Cited in Kennesaw Life & Accident Ins. Co. v. Hendricks, 108 Ga. App. 148, 132 S.E.2d 152 (1963); Kelley v. Montgomery, 108 Ga. App. 271, 132 S.E.2d 857 (1963); Chicago Title Ins. Co. v. Nash, 228 Ga. 719, 187 S.E.2d 662 (1972); Stewart v. Georgia Mut. Ins. Co., 159 Ga. App. 91, 282 S.E.2d 728 (1981); Seals v. Hygrade Distrib. & Delivery Sys., Inc., 249 Ga.

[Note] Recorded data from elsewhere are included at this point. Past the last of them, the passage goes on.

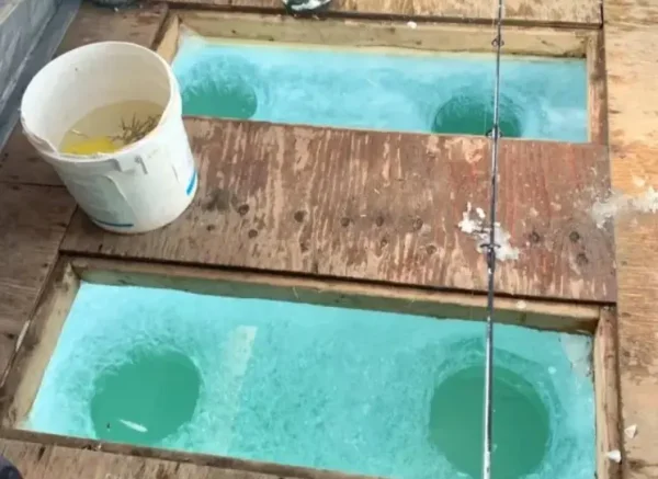 ガスストーブで暖められた快適な移動式小屋で、冬の釣りも快適に体験できます。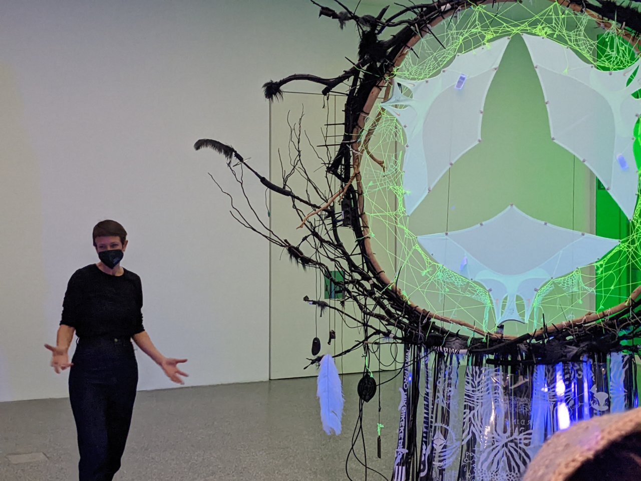 Vor einem raumhohen, riesigen Traumfänger – gefertigt aus Resten unserer Zivilisation wie Computer-Mäuse, Kabel, Plastik-Müll, Cd-Roms, Marken und Logos von großen Kommerzgiganten – überlegten wir, was wir aktuell nicht haben wollen, was wir eliminieren und wovon wir uns beschützen wollen. An dieser Stelle verlas Julian Stuefer seinen Text.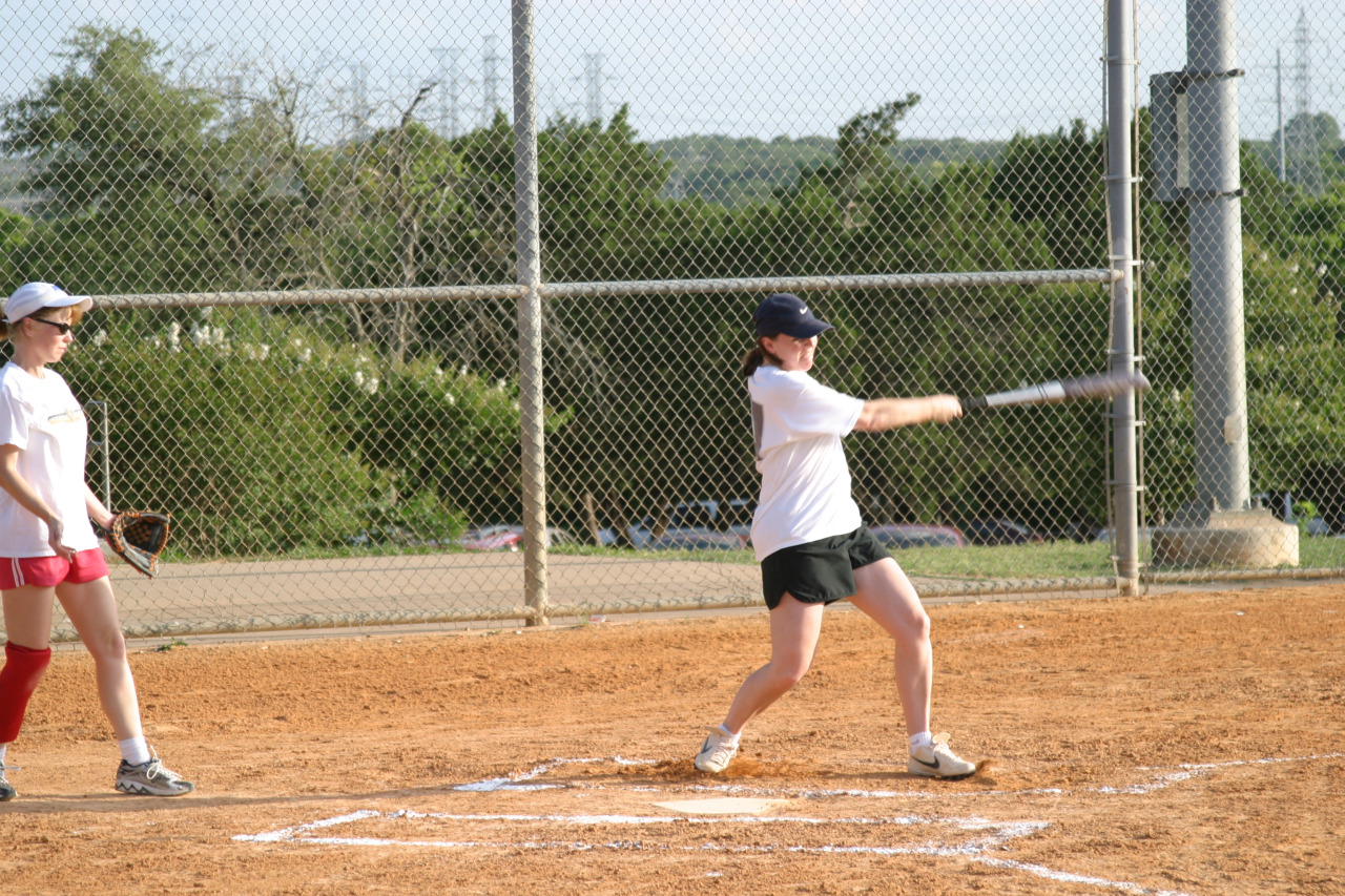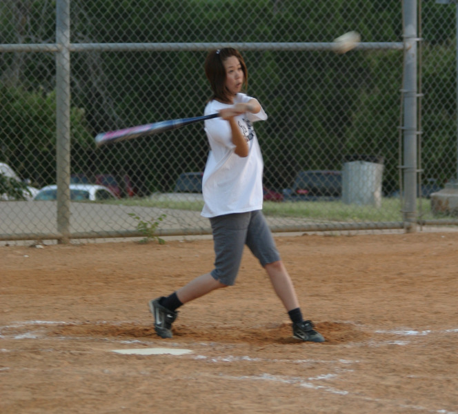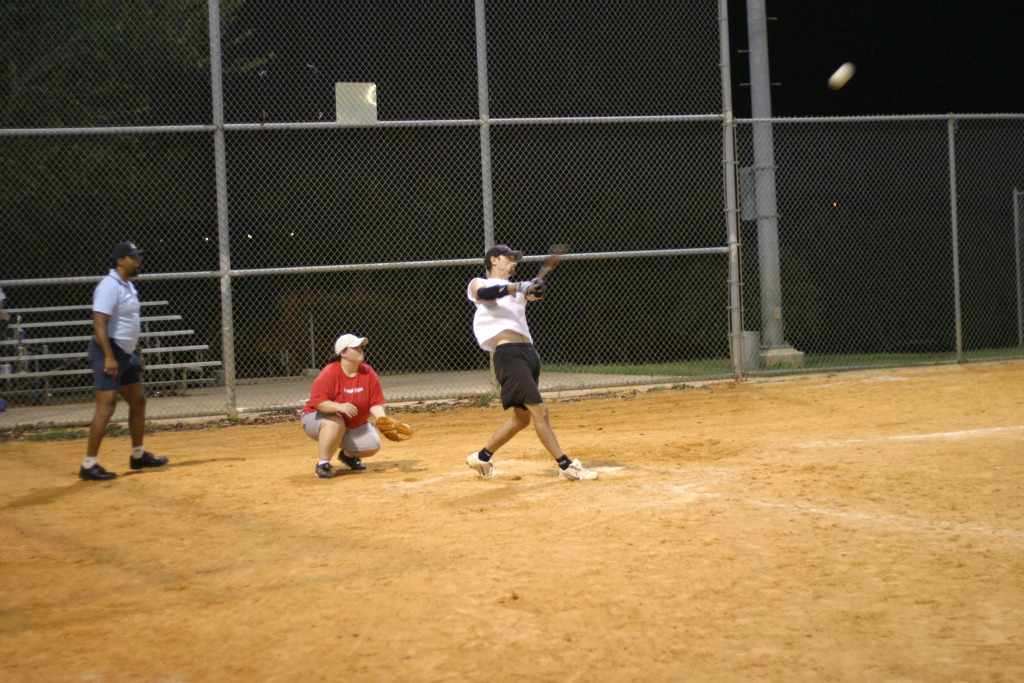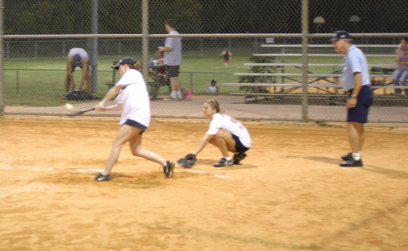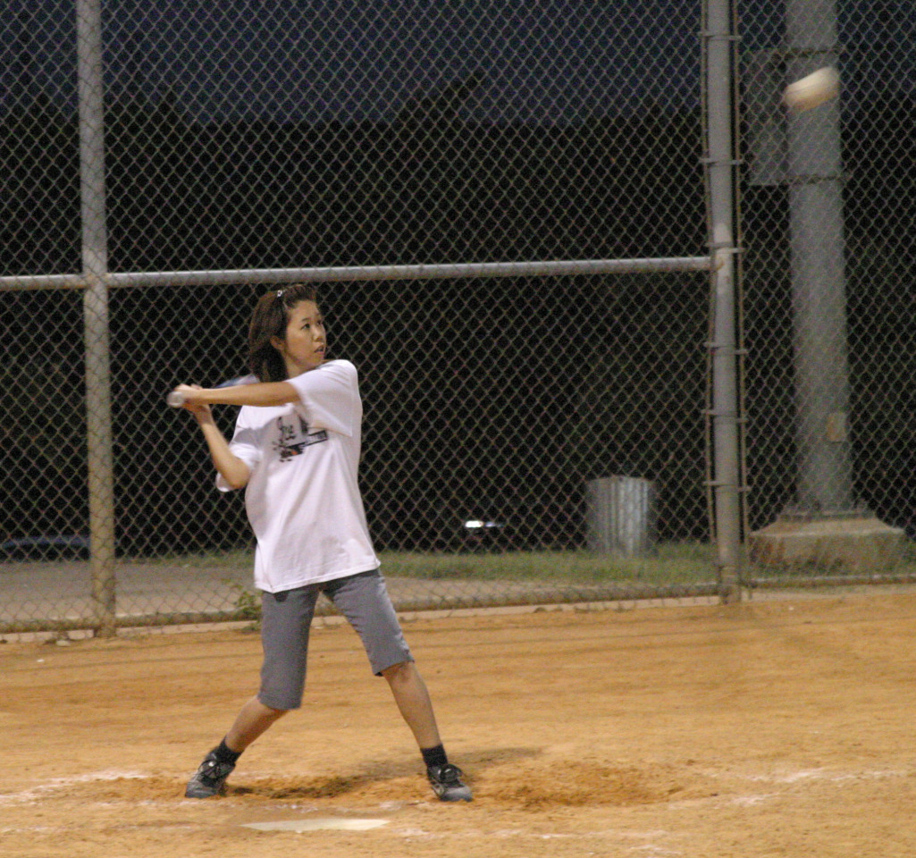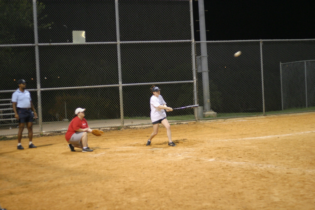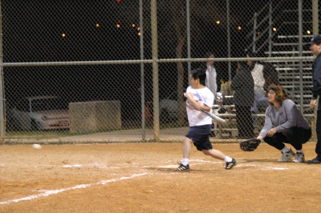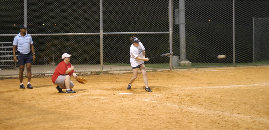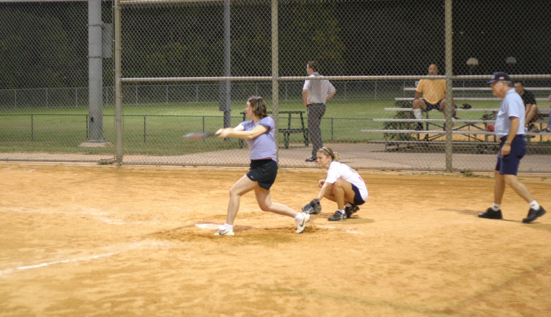 Becky hits a ball in the top of the 2nd inning. Neil is on deck, Matt is the third base coach, and Mitch is standing in the door of the dugout keeping score. In the dugout, from left to right, are Tim R, Michelle F, Newton, Azzy, Lindsay H, and Kelly B. On the other side of Mitch in the dugout, Lacey is sitting on the bench. |

App. 574, 549 S.E.2d 412 (2001).
OPINIONS OF THE ATTORNEY GENERAL
Editor's notes.
- In light of the similarities of the statutory provisions, decisions under former Code 1933, §§ 56-501 and 56-801 are included in the annotations for this Code section.
Teachers collecting applications and premiums from pupils not agents.- When folders are being distributed by the county superintendent of schools to all of the superintendent's teachers, who in turn distribute the folders to the school children who return the application and the premium to the teachers, who are required to complete the applications and keep a record of the applications, this is not doing an insurance business through unlicensed agents. 1957 Op. Att'y Gen. p. 165 (decided under former Code 1933, § 56-501).
Person selected in law firm as attorney-in-fact for court bonds is "limited agent."- All types of court bonds were included in the definition given in former paragraph (a)(9) of this section, and the individual selected in a law firm as an attorney-in-fact would be a "limited agent." 1963-65 Op. Att'y Gen. p. 133 (decided under former Code 1933, § 56-801).
Authority of unlicensed administrative personnel.- Administrative personnel in the office of an insurance agent who perform clerical duties of opening envelopes containing premium checks need not be licensed as insurance agents. 1994 Op. Att'y Gen. No. U94-15.
RESEARCH REFERENCES
Am. Jur. 2d.
- 43 Am. Jur. 2d, Insurance, § 109 et seq.
C.J.S.- 44 C.J.S., Insurance, §§ 65, 259 et seq., 305.
ALR.
- Whom does agent represent in soliciting or taking application for reinstatement of insurance policy, 23 A.L.R. 1201.
Right of insurer to challenge agent's classification of risk, 29 A.L.R. 99.
Meaning of term "solicit" in statute relating to insurance agents, 48 A.L.R. 1173.
Statutory declaration that one who does certain prescribed acts for a surety company or an insurance company shall be deemed as acting as its agent as affected by other party's knowledge of, or opportunity to know, limitations of his actual authority, 88 A.L.R. 291.
Right of insurance company, in view of its public interest, to reject applications for insurance, 107 A.L.R. 1421; 123 A.L.R. 139.
Insured's responsibility for false answers inserted by insurer's agent in application following correct answers by insured, or incorrect answers suggested by agent, 26 A.L.R.3d 6.
Excess carrier's right to maintain action against primary liability insurer for wrongful failure to settle claim against insured, 10 A.L.R.4th 879.